Une fois que nous avons passé le temps nécessaire pour identifier les schémas cognitifs constants à travers les pensées automatiques, le patient et le psychologue TCC travaillent ensemble sur les croyances et les inférences  de l’individu.

Par exemple, je rentre chez moi. Je vois mon conjoint les pieds sous la table devant la télé. Il me salue. Je ressens une violente colère. Je me sens méprisée et insultée. Comment peut-il m’attendre dans ces conditions et dire qu’il m’aime !!! Je lui hurle dessus qu’il ne m’aime pas !!! Car si tu m’aimais le repas serait fait quand j’arrive !!! Tu en as rien à faire de moi !!! Je pars pleurer dans ma chambre. Le psychologue TCC demande à la patiente ses pensées au moment de cette colère. Quelles étaient vos attentes ? Je m’attendais qu’il fasse à manger. Le psy. : lui avez-vous exprimez votre désir ? euh, non … Comment voulez vous qu’il connaisse votre attente ? S’il m’aimait, il le saurait ! Le psy. : Vous pensez donc qu’il ne vous aime pas ? Oui ! il ne fait jamais attention à mes désirs ! Le psy. : mais si vous ne lui exprimez pas, il ne peut pas les connaître et les satisfaire. Si nous revenions sur la situation, quand vous êtes arrivée, vous l’avez vu se détendre et vous saluer. Oui. Objectivement, cette situation ne déclenche pas votre colère. C’est votre interprétation qui a déclenché votre émotion. Vous attendiez qu’il ait préparé un repas en amoureux. Voyant que votre attente non exprimée n’était pas satisfaite, vous vous êtes mise en colère et vous êtes partie pleurer dans votre chambre. La question qu’on doit se poser est de savoir si votre attente était réaliste. À savoir pouvez vous attendre de la part de votre conjoint qu’il vous prépare un repas en amoureux tous les jours ? Non. Qu’est-ce qui vous paraît réaliste ? Que de temps en temps, il  me surprenne à organiser un diner. Comment votre désir puisse être satisfait alors que vous ne lui en avait jamais parlé ? Pensez vous que vous pouvez lui parler pour la semaine prochaine ? Oui.

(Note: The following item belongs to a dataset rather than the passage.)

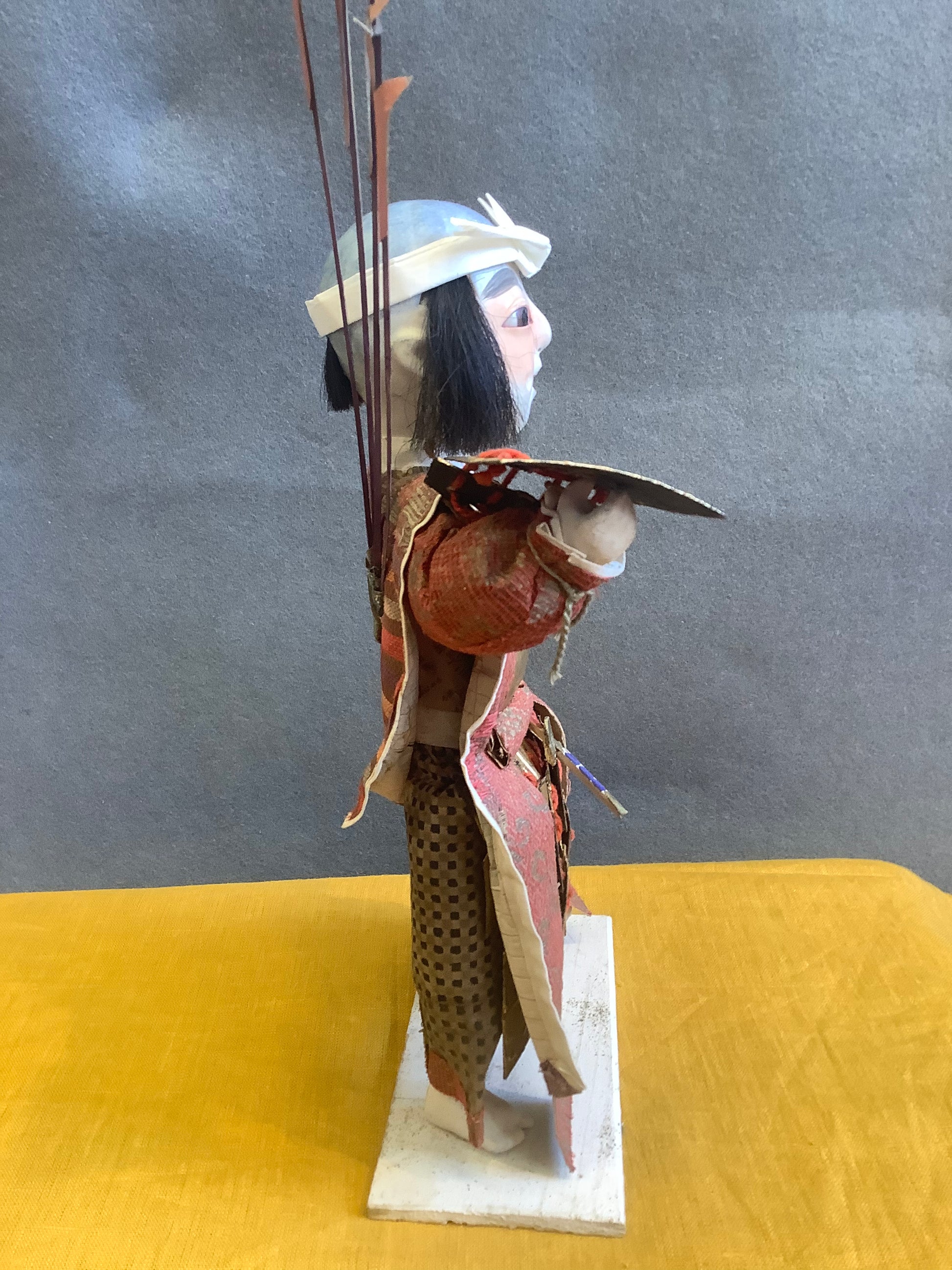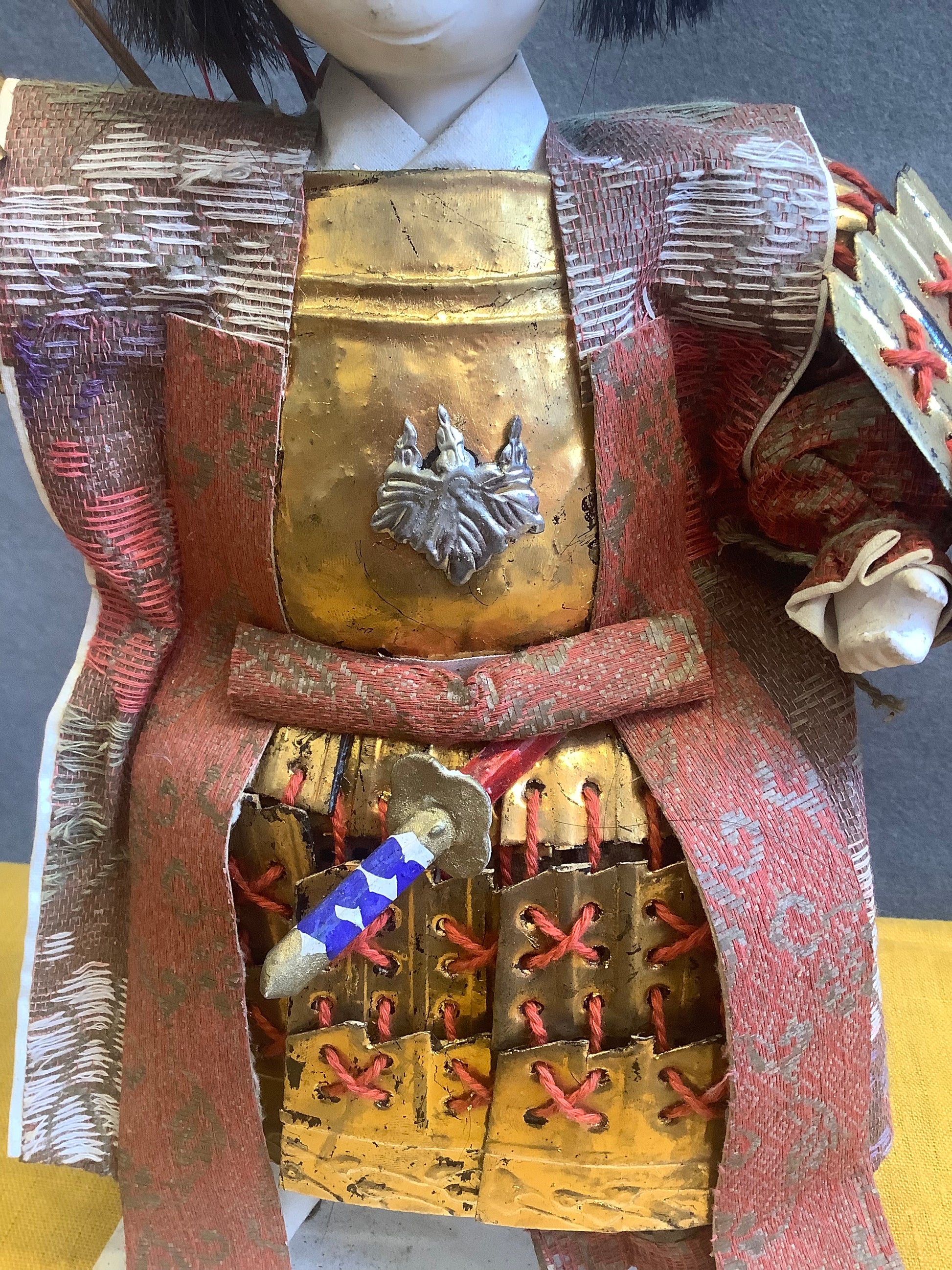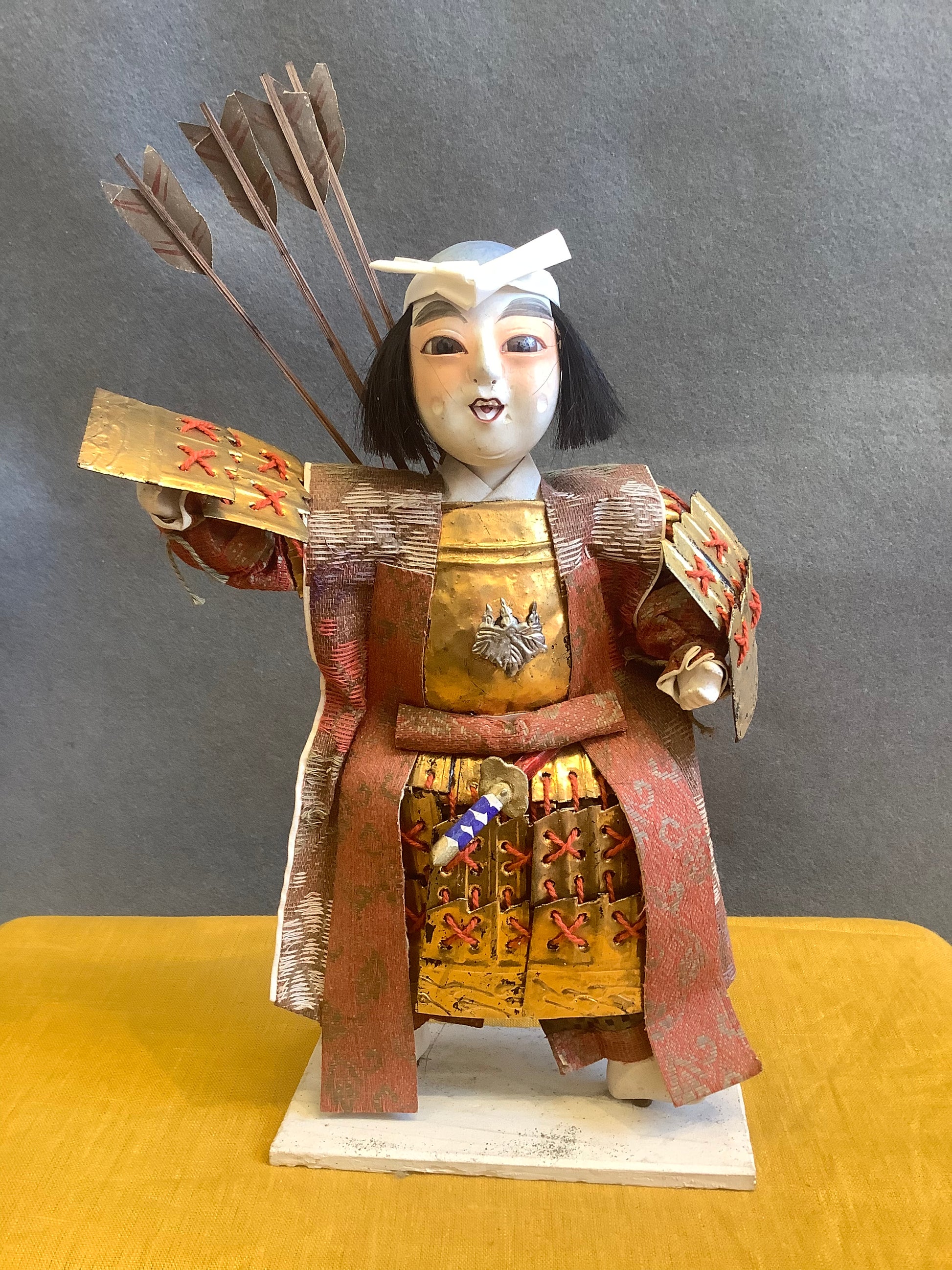 Boy’s festival display samurai doll. Made from paper and silk brocade, with gofun head, hands and feet, glass eyes. He has a replacement paper headband. He dates from the Meiji / Taisho period. Condition is very good.

Cet exemple illustre brièvement le travail quotidien lors d’une Thérapie Comportementale et Cognitive (TCC) dans le cadre de la gestion de la colère. Nous recherchons les pensées et les attentes irréalistes. En les interrogeant sur leur caractère réaliste, nous concevons et formulons des anticipations plus adaptées à nous-même et aux autres. Il ne s’agit pas de renoncer à son désir dont la colère exprime la frustration mais de le comprendre, de l’interroger sur son réalisme et de l’adapter à la réalité pour le satisfaire.

Ressentir la colère, la comprendre et exprimer son désir directement.